# Recorded data
[Start of section]

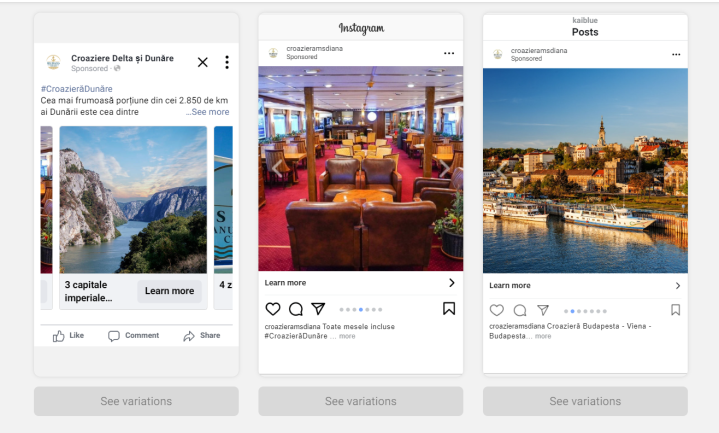 - Construirea unui sales funnel format din mai multe componente, pe pași – în etape: o reclamă de tip carusel afișată pe Facebook și Instagram (vezi mai jos), ce scotea în evidență cele mai importante avantaje ale pachetului turistic. Pentru cei care interacționau cu această reclamă se afișau apoi alte reclame care să îi determine să acționeze: oferte speciale, reduceri.
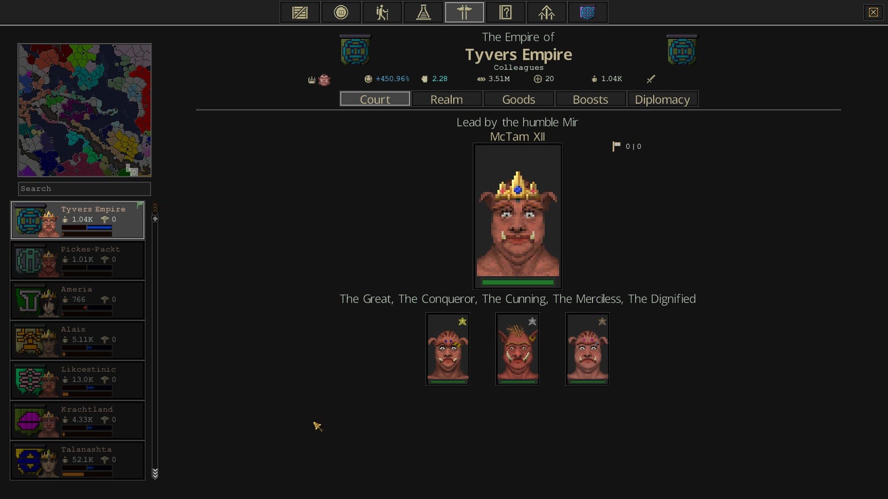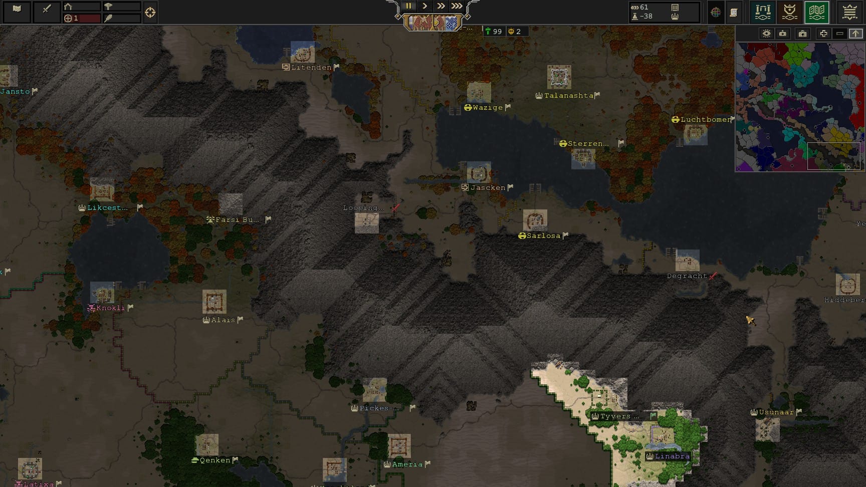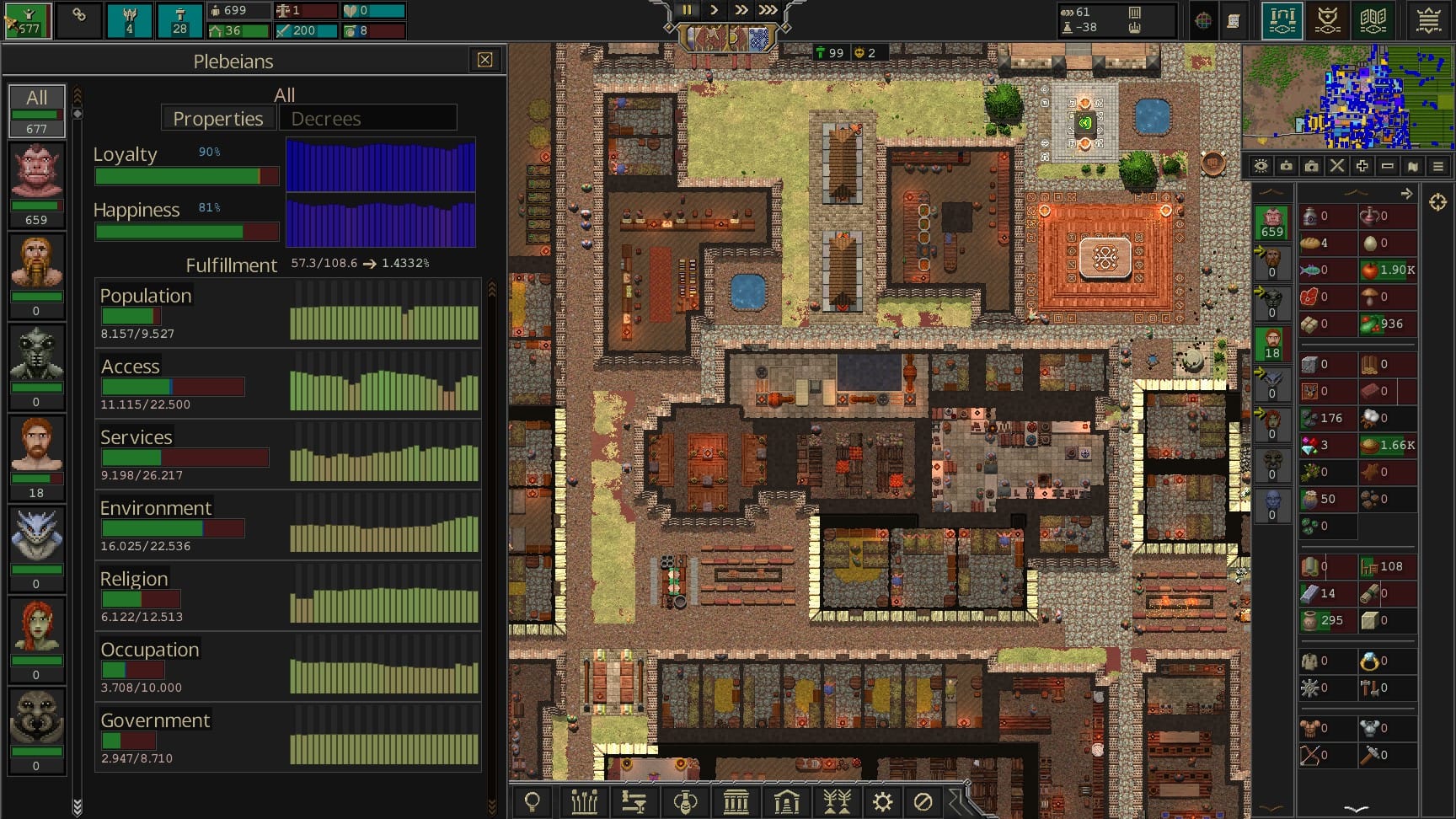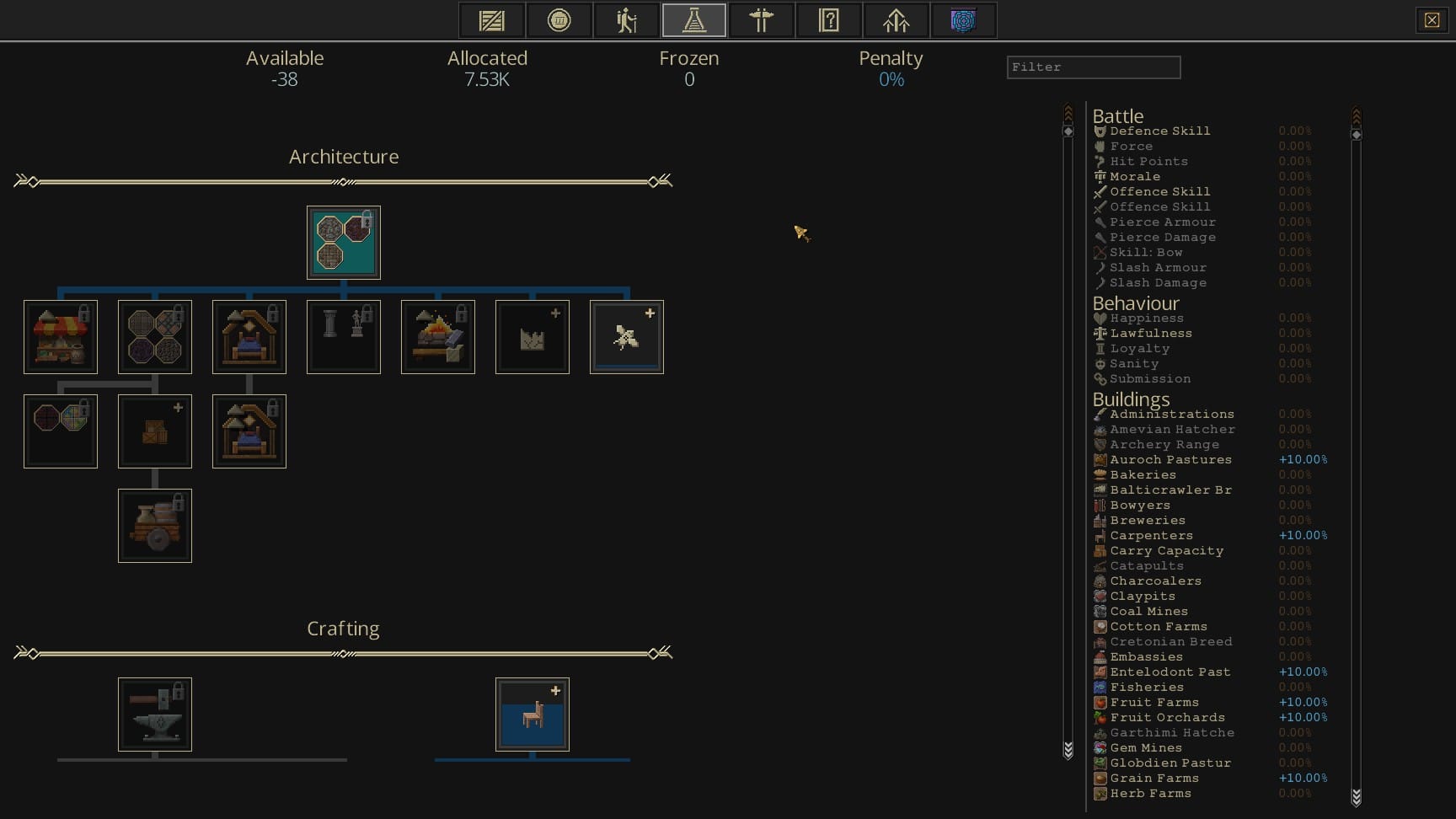 Since its an early access title the game has had a number of quite large updates since I last played it. Back then I even recorded an interview with the developer Jake. Its worth taking a look at still just to see how much the game has changed. The visual details are largely the same but the UI has been cleaned up a lot. It still feels the same in a lot of ways but its a lot more streamlined and less tedious to work with. The first demo of the game I played was on itch.io and the first time I played it took me 7 hours to even find the tech tree not realizing I had to click the knowledge icon. While a new player might still struggle off the bat finding those hidden UI elements seems a lot easier from my perspective. The over world map now has a fog of war. Only showing areas that you have active relations with. While this is probably for the best long term I do miss the ability to see dozens if not hundreds of little armies and trade wagons moving around the map. The pace of the game seems a bit slow still but the progression makes more sense. If you hit a major hold up in population its often best to just look at the buildings that are available and work towards making them. Its often a small niche need that is the difference between 500 population and 1200.
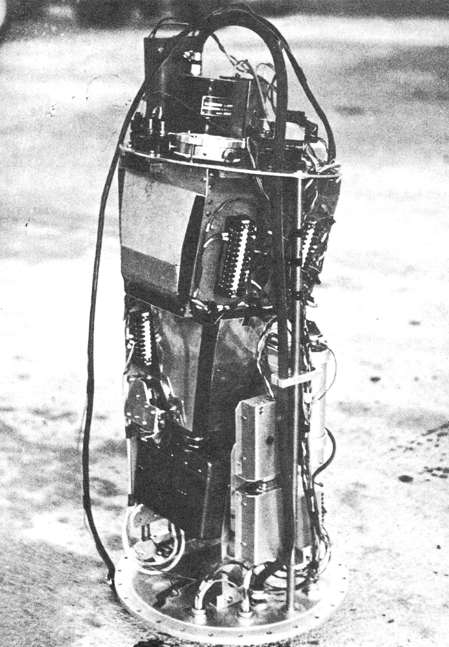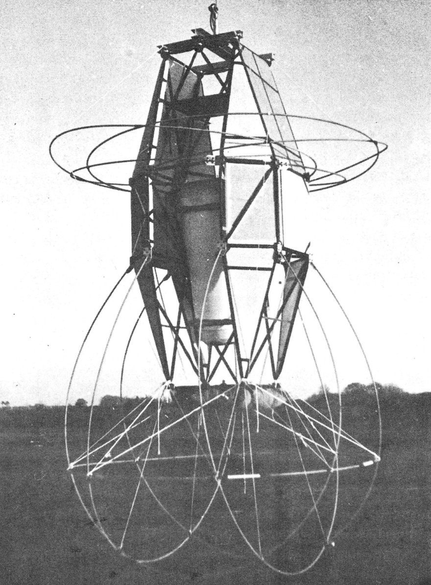 In the image at left can be seen an scheme of the scientific instruments used (click to enlarge). The gondola, constructed from an aluminum frame with triangulated structures and a height of 2.1 meters, featured conical joints allowing rapid assembly and replacement of damaged parts. Weighing 18 kg, it included a sealed, thermostatically controlled cylindrical compartment for most of its equipment. Measurements were made using instruments such as a Thommen meteorological probe for pressure, temperature, and humidity, a direct-read barometer, thermistors, and a potentiometric accelerometer for mechanical stress analysis. The gondola's attitude was monitored by an HRA 31 magnetometer, measuring Earth's magnetic field across three orthogonal axes with one-degree accuracy.
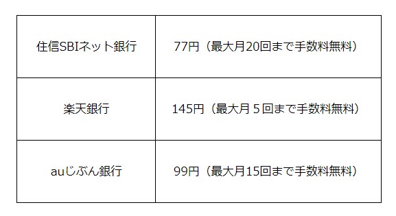 通常、他行宛の振込を銀行窓口で行うと600~900円程度の振込手数料がかかります。それと比べてネット銀行は、3行ともかなり低水準な手数料です。また所定の条件を満たすと月数回無料で振り込みを行うことができます。楽天銀行においては振り込む度に楽天ポイントがもらえるサービスもあります。

[End of section]

# Your instructions
Everything in the listing, except its images, should be set down exactly.

# Answer to this task
 - Construirea unui sales funnel format din mai multe componente, pe pași – în etape: o reclamă de tip carusel afișată pe Facebook și Instagram (vezi mai jos), ce scotea în evidență cele mai importante avantaje ale pachetului turistic. Pentru cei care interacționau cu această reclamă se afișau apoi alte reclame care să îi determine să acționeze: oferte speciale, reduceri.
 Since its an early access title the game has had a number of quite large updates since I last played it. Back then I even recorded an interview with the developer Jake. Its worth taking a look at still just to see how much the game has changed. The visual details are largely the same but the UI has been cleaned up a lot. It still feels the same in a lot of ways but its a lot more streamlined and less tedious to work with. The first demo of the game I played was on itch.io and the first time I played it took me 7 hours to even find the tech tree not realizing I had to click the knowledge icon. While a new player might still struggle off the bat finding those hidden UI elements seems a lot easier from my perspective. The over world map now has a fog of war. Only showing areas that you have active relations with. While this is probably for the best long term I do miss the ability to see dozens if not hundreds of little armies and trade wagons moving around the map. The pace of the game seems a bit slow still but the progression makes more sense. If you hit a major hold up in population its often best to just look at the buildings that are available and work towards making them. Its often a small niche need that is the difference between 500 population and 1200.
 In the image at left can be seen an scheme of the scientific instruments used (click to enlarge). The gondola, constructed from an aluminum frame with triangulated structures and a height of 2.1 meters, featured conical joints allowing rapid assembly and replacement of damaged parts. Weighing 18 kg, it included a sealed, thermostatically controlled cylindrical compartment for most of its equipment. Measurements were made using instruments such as a Thommen meteorological probe for pressure, temperature, and humidity, a direct-read barometer, thermistors, and a potentiometric accelerometer for mechanical stress analysis. The gondola's attitude was monitored by an HRA 31 magnetometer, measuring Earth's magnetic field across three orthogonal axes with one-degree accuracy.
 通常、他行宛の振込を銀行窓口で行うと600~900円程度の振込手数料がかかります。それと比べてネット銀行は、3行ともかなり低水準な手数料です。また所定の条件を満たすと月数回無料で振り込みを行うことができます。楽天銀行においては振り込む度に楽天ポイントがもらえるサービスもあります。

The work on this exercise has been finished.